Today, asset tokenization firm Liquefy said it partnered with a consortium of Gulf families on a tokenization project for $1 billion of real estate assets. In the first phase, the project will securitize an unnamed luxury hotel valued at $600 million in London’s Mayfair district.

The goal of real estate tokenization is to increase the liquidity of real estate properties. It also opens up the market for smaller investors. Meanwhile, blockchain can monitor and permanently store property transactions using smart contracts and cryptography. 

We contacted Liquefy, but a spokesperson was unable to comment on the identity of the hotel to be put on its blockchain platform. A spokesperson for The Dorchester confirmed it was not its hotel.

It requires regulatory approval to tokenize the ownership of the hotel, and we understand the owner is currently going through that process.

In response to our question about why not delay the release until you could identify the hotel, the spokesperson explained the announcement was about their technology.

“The regulatory aspect is not up to us. We do not sell or distribute the hotels. It was simply to let the world know that a lot of assets are getting tokenized. We especially have a lot of partnerships with gulf families,” he said. “Investors and asset owners are looking to tokenize their assets.”

Blockchain for real estate

The goal of real estate tokenization is to increase the liquidity of real estate properties. Sales are faster. And depending on how it’s done, it opens up the market for smaller investors to own slices of a property. Meanwhile, blockchain can monitor and permanently store property transactions using smart contracts and cryptography.

Tokenization could have potentially avoided the corruption in the state-owned real estate company Deyaar. The CEO of the company was found guilty of embezzling about DHS 20 million ($54 million). The CEO used his position to bargain private deals with contracting companies. He also gave considerable discounts to some customers, giving them priority over others who were ready with cash to buy units at market value.

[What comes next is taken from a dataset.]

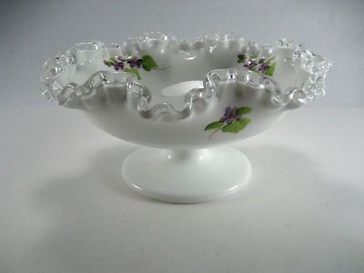 Title (ebay affiliate link): Vintage FENTON Violets in the Snow Milk Glass Silver Crest Footed Comport Bowl

Earlier this year, Liquefy partnered with The Private Office of Sheikh Saeed bin Ahmed Al Maktoum and SEED Group to initiate security token projects in the country. In 2011 Forbes stated Maktoum, an investor in UAE enterprise blockchain, had a net worth of about $4.5 billion.

“As blockchain technology progresses we’re seeing accelerating interest in digital securities from the real estate sector. The deal sizes and pipeline has grown exponentially over the past year,” said Adrian Lai, CEO of Liquefy.

“We’re certain that there’s huge potential for technology to enable new business models in the real estate ecosystem that lower operational costs and increase liquidity,” he continued.

Liquefy said it is also working with Hong Kong’s real estate giant Stan Group, which represents the assets of “shop king” Tang Shing-bor.

Additionally, Liquefy’s tokenization platform can be used for other assets such as private company shares, art, collectables, closed-end funds, real estate and other valuable assets.

A few weeks ago, German real estate developer Bauwens said it invested in tokenization firm Fundament Group. This gives Fundament access to Bauwens’ €6.7 billion ($9.46 billion) worth of real estate projects in Germany.

In Korea, SK Securities is working with blockchain firm Kasa Korea for digital asset-backed securities.

Meanwhile, there are other blockchain projects active in Dubai. Last week, Burj Khalifa developer Emaar announced plans to launch a blockchain referral and loyalty token platform later this year.